The title of the Goods shall not pass to the Buyer until the Seller has been paid in full for the Goods.

    1. All goods are sold on a firm sale basis, i.e., the Seller will not take back any goods not required or sold by the Buyer unless otherwise agreed, in which case the following terms apply.

    2. Any returns must be authorized by a representative of the Seller before any credit will be given.

    3. Where the Seller agrees to accept the return of goods that are not damaged, the Buyer will be responsible for the carriage cost and will ensure that they are carefully packaged to avoid any damage in transit. The Seller will not be obliged to accept any goods that are damaged in any way. The Seller will only accept returns that appear in the Sellers current Delivery List.

    4. Credit of amounts due or paid will only be given for goods that are in saleable condition.


    1. The Seller shall not be liable for any all loss or damage suffered by the Buyer in excess of the contract price.

    2. Nothing contained in these Terms and Conditions shall be construed so as to limit or exclude the liability of the Seller for death or personal injury as a result of the Seller’s negligence or that of its employees or agents.


All Intellectual Property Rights produced from or arising as a result of the performance of this Agreement shall, so far as not already vested, become the absolute property of the Seller. The Buyer shall do all that is reasonably necessary to ensure that such rights vest in the Seller by the execution of appropriate instruments or the making of agreements with third parties.


The Seller shall not be liable for any delay or failure results from events or circumstances outside its reasonable control, including but not limited to acts of God, strikes, lockouts, accidents, war, fire, breakdown of plant or machinery, or shortage or unavailability of raw materials from a natural source of supply, and the Seller shall be entitled to a reasonable extension of its obligations. If the delay persists for such time as the Seller considers unreasonable, it may, without liability on its part, terminate the contract.


Nothing contained in these Terms and Conditions shall be construed as establishing or implying any partnership or joint venture between the parties. Nothing in these Terms and Conditions shall be deemed to construe either of the parties as the agent of the other.

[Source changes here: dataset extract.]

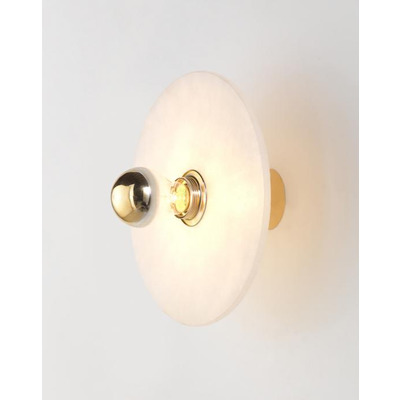 Finished in a range of colours including: gold, chrome, black and white. The disc which is available in two sizes is finished in white alabaster which is a mineral or soft rock. With only a small base fitting the wall light sits nearly flush to the wall.Picture shows gold with alabaster disc.
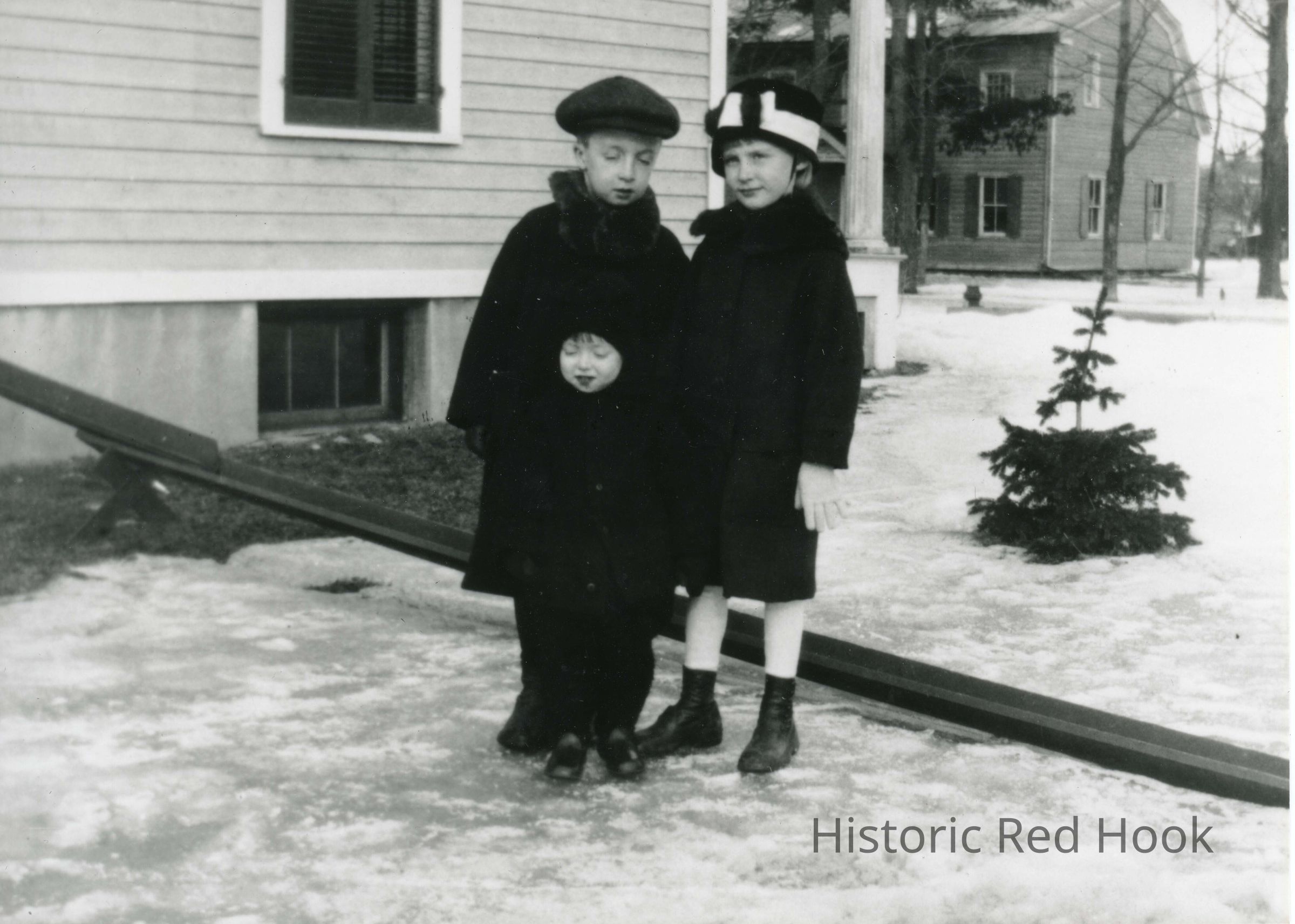 Three Schutte children posing in winter clothes. Little girl is Gertrude Schutte (1914-1983). The house is 7557 North Broadway where she was born. Older girl is Margaret (Honey) Schutte Stockenberg (b 1911), the boy is Harold Schutte (1910-1949).Photograph Details

The contract between the Buyer and Seller for the sale of Goods shall not be assigned or transferred, nor shall the performance of any obligation be subcontracted, in either case by the Buyer, without the prior written consent of the Seller.


The failure by either party to enforce at any time or for any period any one or more of the Terms and Conditions herein shall not be a waiver of them or the right at any time subsequently to enforce all Terms and Conditions of this Agreement.


If any term or provision of these Terms and Conditions is held invalid, illegal, or unenforceable for any reason by any court of competent jurisdiction, such provision shall be severed, and the remainder of the provisions hereof shall continue in full force and effect as if these Terms and Conditions had been agreed with the invalid, illegal or unenforceable provision eliminated.


This Agreement shall be governed by and construed in accordance with the laws of Spain, and the parties hereby submit to the exclusive jurisdiction of the Spanish courts.